Start of Data under study

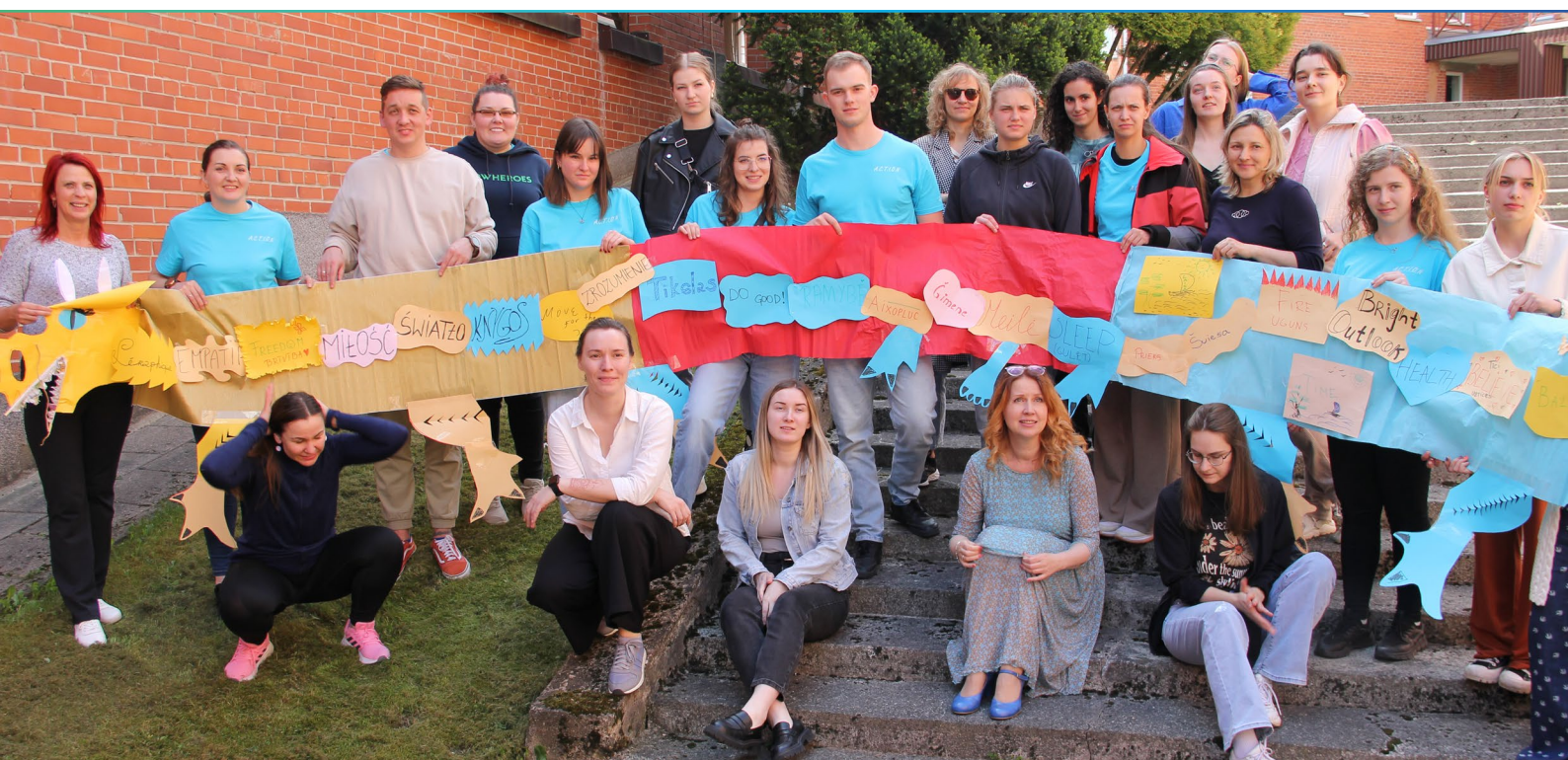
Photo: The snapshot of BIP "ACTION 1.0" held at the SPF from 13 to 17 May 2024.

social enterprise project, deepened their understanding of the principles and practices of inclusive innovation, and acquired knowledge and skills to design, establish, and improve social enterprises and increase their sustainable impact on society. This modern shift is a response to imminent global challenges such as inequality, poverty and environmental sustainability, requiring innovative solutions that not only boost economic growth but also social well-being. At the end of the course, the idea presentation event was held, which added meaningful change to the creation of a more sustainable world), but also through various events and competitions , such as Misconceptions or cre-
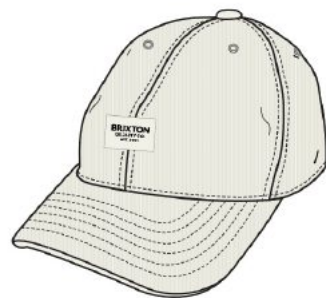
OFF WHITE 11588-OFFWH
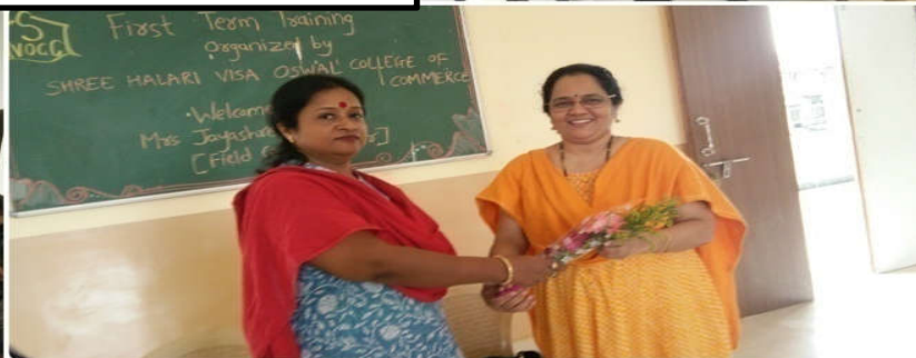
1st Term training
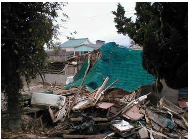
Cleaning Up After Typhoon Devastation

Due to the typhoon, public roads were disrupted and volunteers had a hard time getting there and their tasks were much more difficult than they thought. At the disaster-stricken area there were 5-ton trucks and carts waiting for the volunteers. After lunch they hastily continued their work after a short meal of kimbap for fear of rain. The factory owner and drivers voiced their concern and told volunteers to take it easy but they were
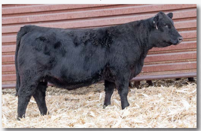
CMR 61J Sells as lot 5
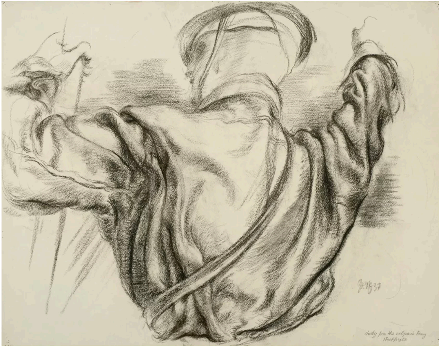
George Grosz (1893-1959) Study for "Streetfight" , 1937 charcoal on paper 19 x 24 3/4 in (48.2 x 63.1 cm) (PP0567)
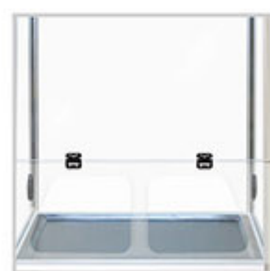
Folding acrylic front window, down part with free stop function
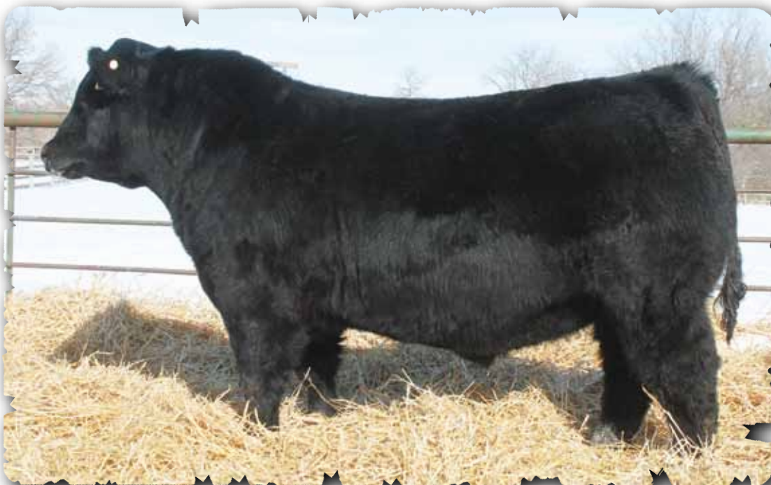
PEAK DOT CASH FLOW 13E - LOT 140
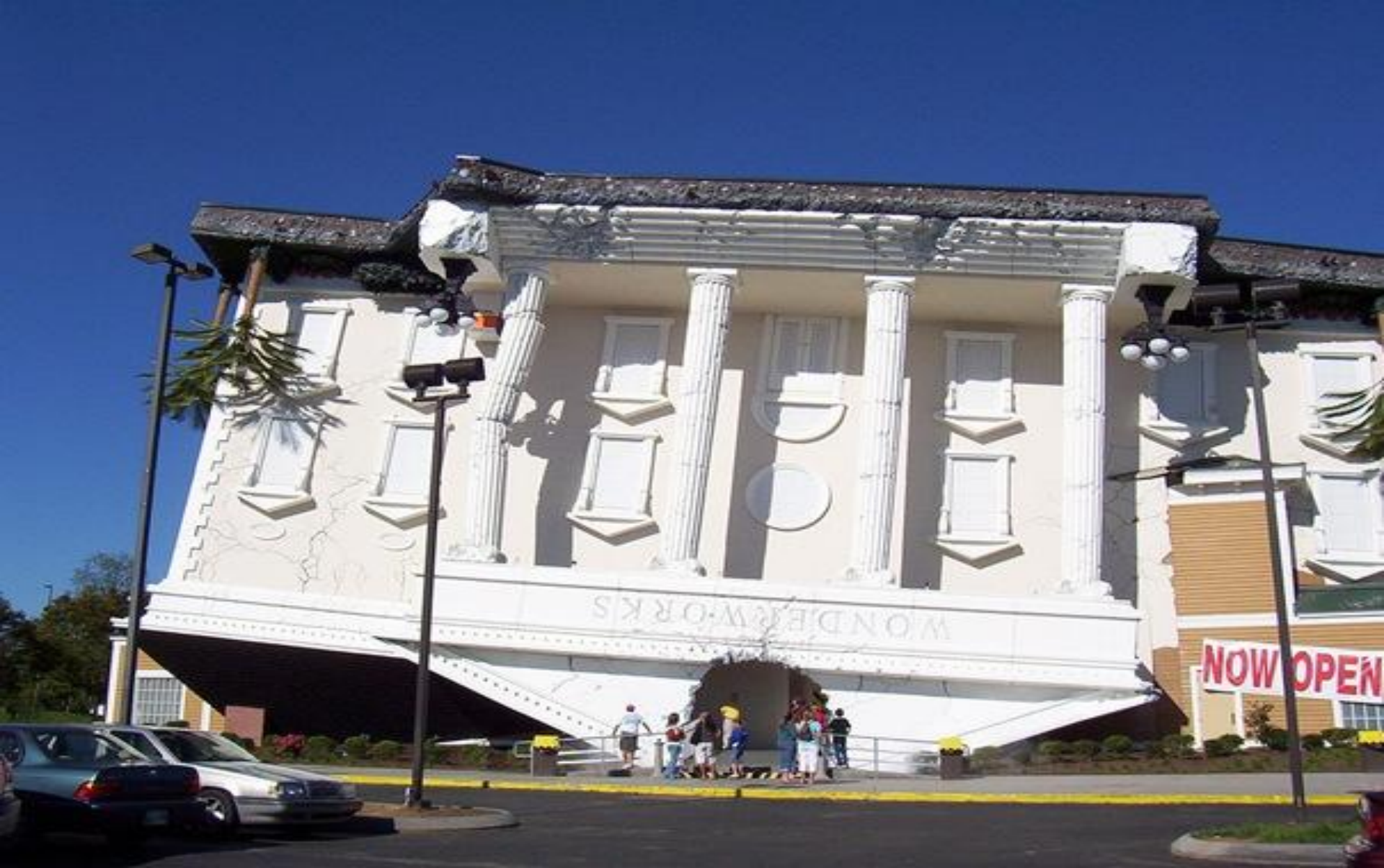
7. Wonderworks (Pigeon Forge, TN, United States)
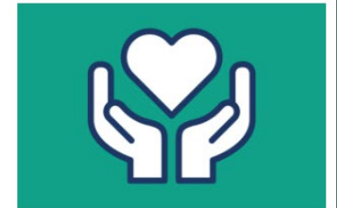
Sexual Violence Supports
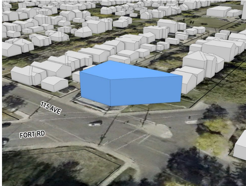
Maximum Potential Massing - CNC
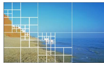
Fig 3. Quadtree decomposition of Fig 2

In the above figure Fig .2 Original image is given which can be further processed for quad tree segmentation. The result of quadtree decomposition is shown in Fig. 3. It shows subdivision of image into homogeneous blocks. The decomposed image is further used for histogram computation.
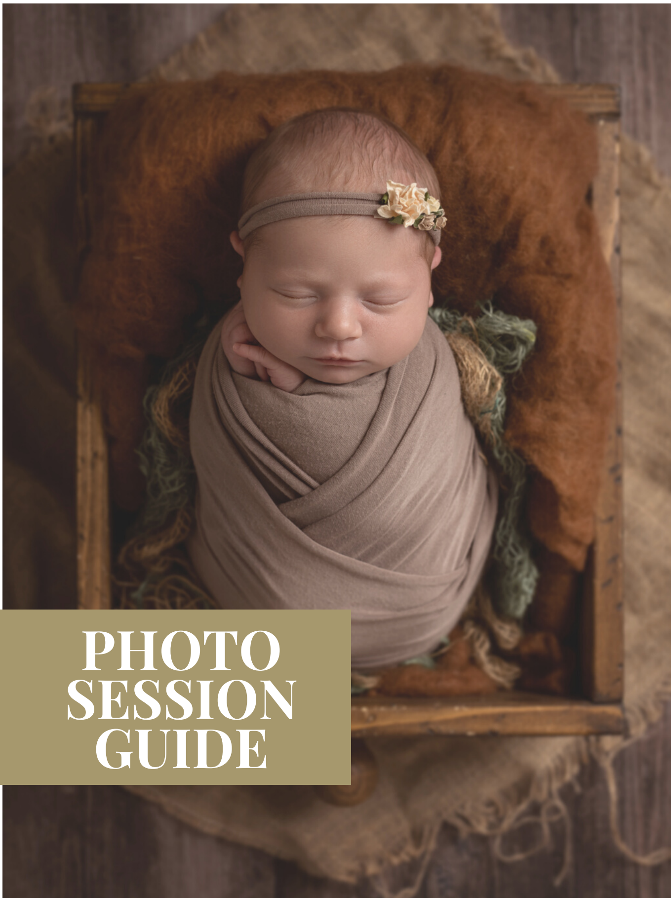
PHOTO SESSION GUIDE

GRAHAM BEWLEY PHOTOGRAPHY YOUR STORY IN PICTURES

End of Data under study

Aim of the exercise.
Exact copy, pictures excluded: from the line with "George Grosz (1893-1959)" up to and including the line with "Fig 3. Quadtree decomposition of Fig 2" in the data above.

Solution for this problem.
George Grosz (1893-1959) Study for "Streetfight" , 1937 charcoal on paper 19 x 24 3/4 in (48.2 x 63.1 cm) (PP0567)
Folding acrylic front window, down part with free stop function
PEAK DOT CASH FLOW 13E - LOT 140
7. Wonderworks (Pigeon Forge, TN, United States)
Sexual Violence Supports
Maximum Potential Massing - CNC
Fig 3. Quadtree decomposition of Fig 2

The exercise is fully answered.